FRS at 16.5% (limited-cost rate): 16.5% multiplied by £114,000 equals net payment to HMRC £18,810.
Under these fairly typical figures, the FRS costs this contractor an extra £610 a year. The standard method is better. Swap the flat rate to 14.5% (the pre-2017 "computer and IT consultancy" sector rate) and the FRS would cost £16,530, saving around £1,670, but only if the contractor can stay out of the limited-cost category. The test is whether goods spend clears 2% of £114,000 (£2,280) or £1,000. With no meaningful goods spend, it will not.
The numbers shift if the contractor regularly buys physical equipment. At £2,500 of annual goods spend the limited-cost test is satisfied (2% of £114,000 is £2,280, and £2,500 exceeds it), the 14.5% sector rate could apply, and the FRS produces a saving. That is the exception, not the rule, for most desk-based contractors.

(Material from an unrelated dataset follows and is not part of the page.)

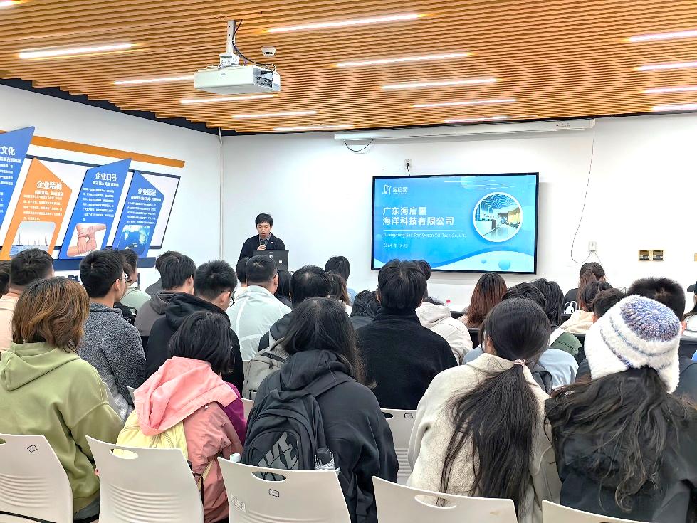 同学们接下来参观了广州至远海洋科技有限公司。首先,工程师带领大家参观了研发部门,这里主要负责开发和改进用于海洋探测与监测的各种设备,包括6000米深水摄像头、微光摄像头,中小型水下机器人,无人船、单波束测深仪、CTD等产品,针对机器人的工作原理和数据采集方式及无人船内部结构与搭载设备工程师进行了详细介绍。随后,工程师介绍了公司的主要业务方向,包括深入追踪海洋行业客户的实际应用需求,从事海洋仪器设备的自主研发和集成应用,助力海洋仪器设备的国产化推广与应用等,工程师还分享了一些公司在技术创新和服务客户方面取得的成绩和面临的挑战。此次参观使同学们获得了宝贵的第一手经验,加深了他们对海洋科技行业的理解,同时也激发了对未来职业发展的兴趣。

Second scenario: a contractor who clears the limited-cost test. Take a specialist AV engineer billing £90,000 net per year (£108,000 VAT-inclusive) who spends £3,000 on goods per year (well above 2% of £108,000, which is £2,160). Suppose their sector flat rate is 12%. Under the FRS they pay HMRC 12% of £108,000, which is £12,960, against £18,000 of output VAT collected, keeping £5,040. Under standard accounting they pay £18,000 output VAT minus input VAT on goods (£3,000 at 20% equals £600) and on services (£1,500 at 20% equals £300), totalling £900 in recoverable input VAT: net payment to HMRC £17,100. The FRS saves this contractor £4,140 per year. That is a meaningful gain, and it illustrates why the FRS can still be the right choice for contractors whose expense profile genuinely supports it. The key is that goods spend, sector rate, and billing volume all have to align in the contractor's favour simultaneously.
The decision framework: four questions
Work through these in order before deciding whether to join or stay on the FRS.
1. Do you have genuine, recurring goods spend above the limited-cost threshold?
Calculate your expected goods spend for a typical VAT period and compare it to 2% of your expected VAT-inclusive turnover and to £1,000. "Goods" means physical goods your business uses or consumes, not services (even if delivered digitally). If your spend on goods is consistently below both thresholds, the 16.5% rate will apply in every period and the FRS is unlikely to benefit you. Go directly to standard accounting.
2. What is your published sector flat rate?
HMRC publishes a table of sector flat rates in VAT Notice 733. If you clear the limited-cost test, the relevant rate depends on the nature of your services. A sector rate of 14.5% generates a 5.5 percentage-point spread on VAT-inclusive billing; at 12% the spread is 8 percentage points. The higher the spread and the higher your billing, the more compelling the FRS becomes if you can stay out of the limited-cost category.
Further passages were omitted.